• _What the exercise asks_:
Return the lines beginning at the one that contains "Habo Laggkärlsfabrik. På" and running to the end of the records, exactly and with nothing else. Omit pictures.

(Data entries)
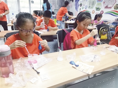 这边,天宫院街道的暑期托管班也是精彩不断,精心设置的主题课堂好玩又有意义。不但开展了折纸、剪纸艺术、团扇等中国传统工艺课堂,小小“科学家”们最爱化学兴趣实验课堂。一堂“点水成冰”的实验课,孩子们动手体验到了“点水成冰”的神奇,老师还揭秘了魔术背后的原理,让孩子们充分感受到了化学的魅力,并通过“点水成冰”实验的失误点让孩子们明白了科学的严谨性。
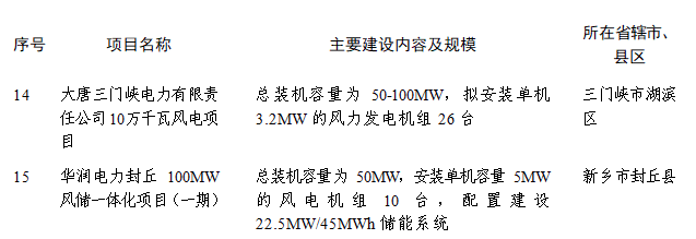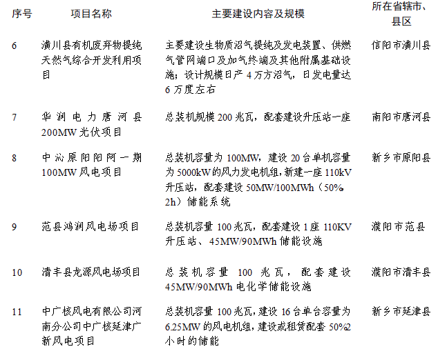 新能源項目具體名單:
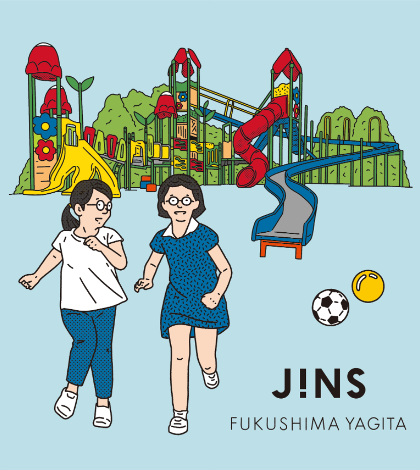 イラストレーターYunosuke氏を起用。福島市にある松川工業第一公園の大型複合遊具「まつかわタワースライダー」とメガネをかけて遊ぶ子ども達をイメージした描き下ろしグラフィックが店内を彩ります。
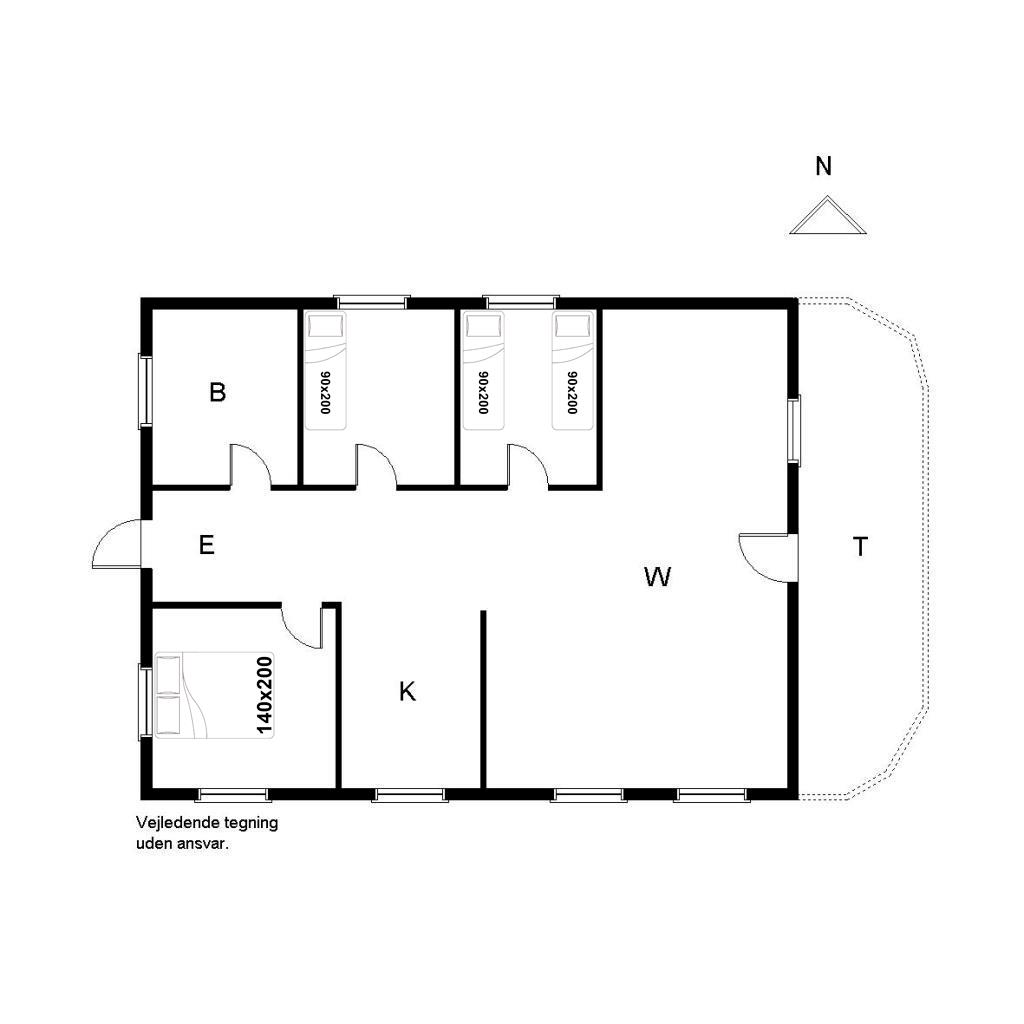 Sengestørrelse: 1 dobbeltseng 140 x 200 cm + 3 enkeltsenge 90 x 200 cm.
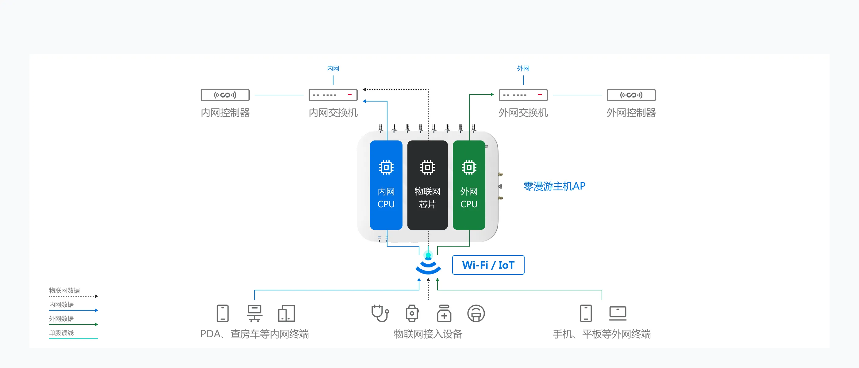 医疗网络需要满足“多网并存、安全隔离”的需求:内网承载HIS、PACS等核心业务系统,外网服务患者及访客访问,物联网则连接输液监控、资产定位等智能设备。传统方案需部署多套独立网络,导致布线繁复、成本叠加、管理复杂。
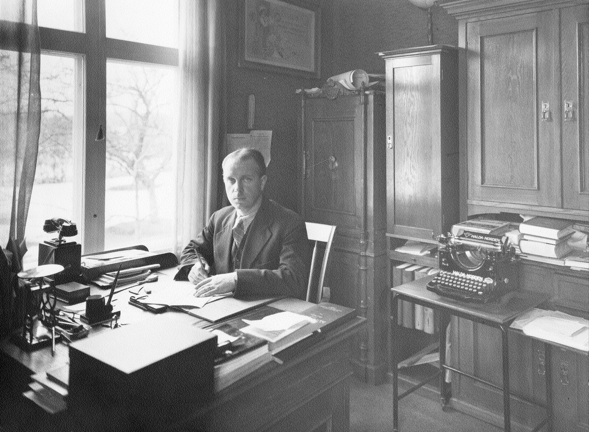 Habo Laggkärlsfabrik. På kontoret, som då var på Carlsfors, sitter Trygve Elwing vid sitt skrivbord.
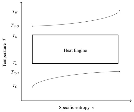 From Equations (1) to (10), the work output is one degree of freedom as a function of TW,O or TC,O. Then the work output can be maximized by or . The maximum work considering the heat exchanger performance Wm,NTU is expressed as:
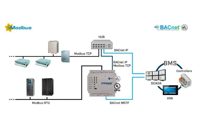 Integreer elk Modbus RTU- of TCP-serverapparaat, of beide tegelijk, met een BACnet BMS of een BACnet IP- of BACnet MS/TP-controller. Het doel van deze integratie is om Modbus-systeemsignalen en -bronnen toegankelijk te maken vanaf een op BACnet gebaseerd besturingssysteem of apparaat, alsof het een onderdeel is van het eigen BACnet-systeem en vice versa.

• _Exercise result_:
 Habo Laggkärlsfabrik. På kontoret, som då var på Carlsfors, sitter Trygve Elwing vid sitt skrivbord.
 From Equations (1) to (10), the work output is one degree of freedom as a function of TW,O or TC,O. Then the work output can be maximized by or . The maximum work considering the heat exchanger performance Wm,NTU is expressed as:
 Integreer elk Modbus RTU- of TCP-serverapparaat, of beide tegelijk, met een BACnet BMS of een BACnet IP- of BACnet MS/TP-controller. Het doel van deze integratie is om Modbus-systeemsignalen en -bronnen toegankelijk te maken vanaf een op BACnet gebaseerd besturingssysteem of apparaat, alsof het een onderdeel is van het eigen BACnet-systeem en vice versa.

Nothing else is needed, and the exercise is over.